▶ _WORK TASK_:
The lines to return run from the start of the material below through the line holding "가족이 함께 건강해지는 공간, 바디앤솔 충남대점이 되겠습니다.", both included; please give them back exactly, minus the pictures.

▶ _SOURCE MATERIAL_:
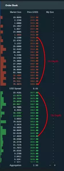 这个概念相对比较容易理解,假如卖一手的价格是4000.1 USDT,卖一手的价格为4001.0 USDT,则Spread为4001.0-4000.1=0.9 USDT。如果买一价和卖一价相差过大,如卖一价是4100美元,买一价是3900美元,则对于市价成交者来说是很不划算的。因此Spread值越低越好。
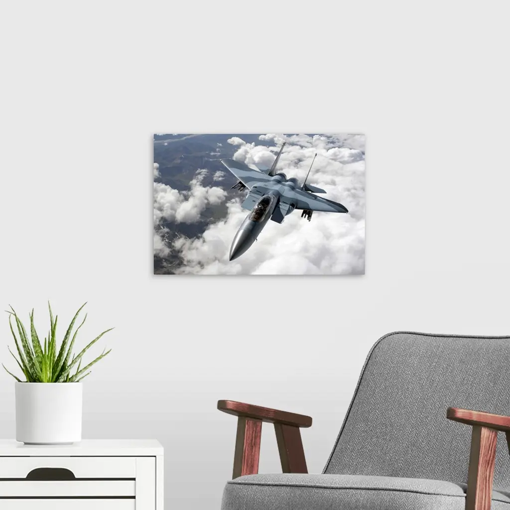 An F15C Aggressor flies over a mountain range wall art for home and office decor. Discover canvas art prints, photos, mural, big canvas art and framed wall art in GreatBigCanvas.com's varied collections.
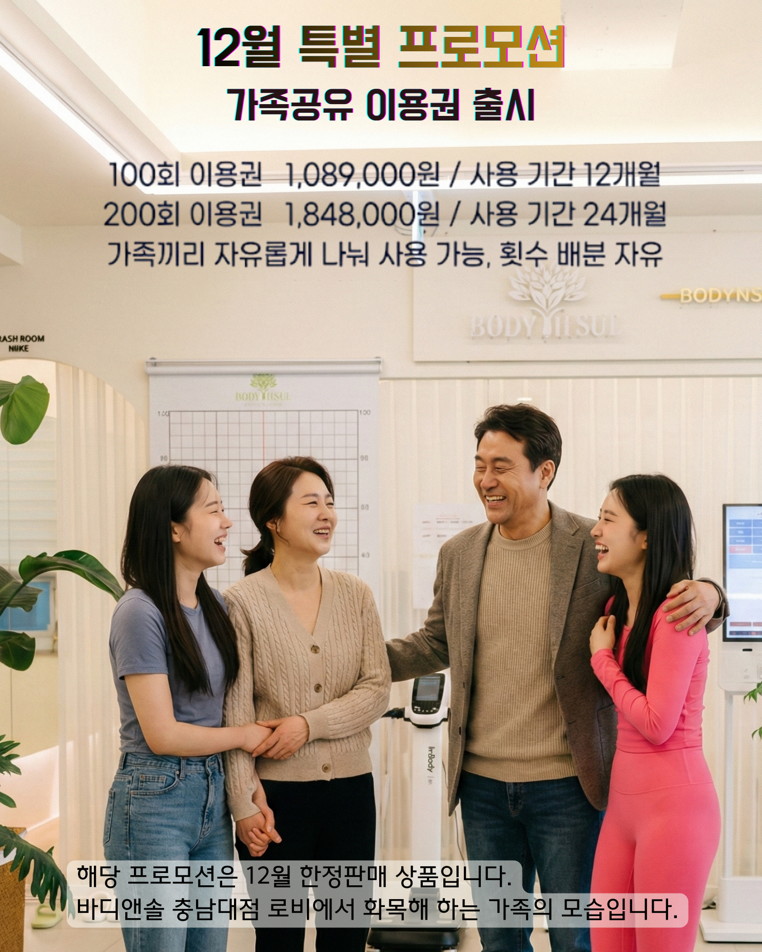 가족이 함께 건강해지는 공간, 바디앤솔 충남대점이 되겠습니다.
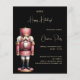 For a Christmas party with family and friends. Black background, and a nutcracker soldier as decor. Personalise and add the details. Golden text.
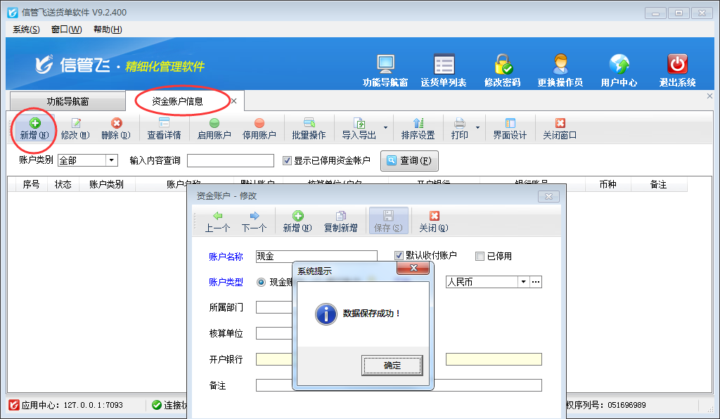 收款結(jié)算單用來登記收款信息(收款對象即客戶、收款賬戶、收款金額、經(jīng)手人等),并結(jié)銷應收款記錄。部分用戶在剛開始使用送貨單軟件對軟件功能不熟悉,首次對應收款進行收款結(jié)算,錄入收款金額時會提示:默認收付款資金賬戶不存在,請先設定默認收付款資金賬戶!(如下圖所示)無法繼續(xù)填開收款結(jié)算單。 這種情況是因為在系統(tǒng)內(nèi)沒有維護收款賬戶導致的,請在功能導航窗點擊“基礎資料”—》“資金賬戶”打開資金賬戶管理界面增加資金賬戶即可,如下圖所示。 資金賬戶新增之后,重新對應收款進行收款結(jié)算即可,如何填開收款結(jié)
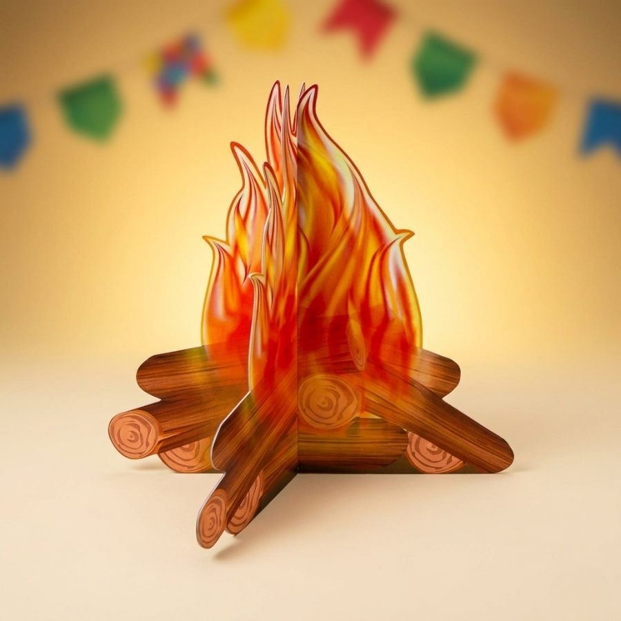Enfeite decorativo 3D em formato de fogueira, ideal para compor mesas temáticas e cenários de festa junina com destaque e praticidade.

▶ _COMPLETED TASK_:
 这个概念相对比较容易理解,假如卖一手的价格是4000.1 USDT,卖一手的价格为4001.0 USDT,则Spread为4001.0-4000.1=0.9 USDT。如果买一价和卖一价相差过大,如卖一价是4100美元,买一价是3900美元,则对于市价成交者来说是很不划算的。因此Spread值越低越好。
 An F15C Aggressor flies over a mountain range wall art for home and office decor. Discover canvas art prints, photos, mural, big canvas art and framed wall art in GreatBigCanvas.com's varied collections.
 가족이 함께 건강해지는 공간, 바디앤솔 충남대점이 되겠습니다.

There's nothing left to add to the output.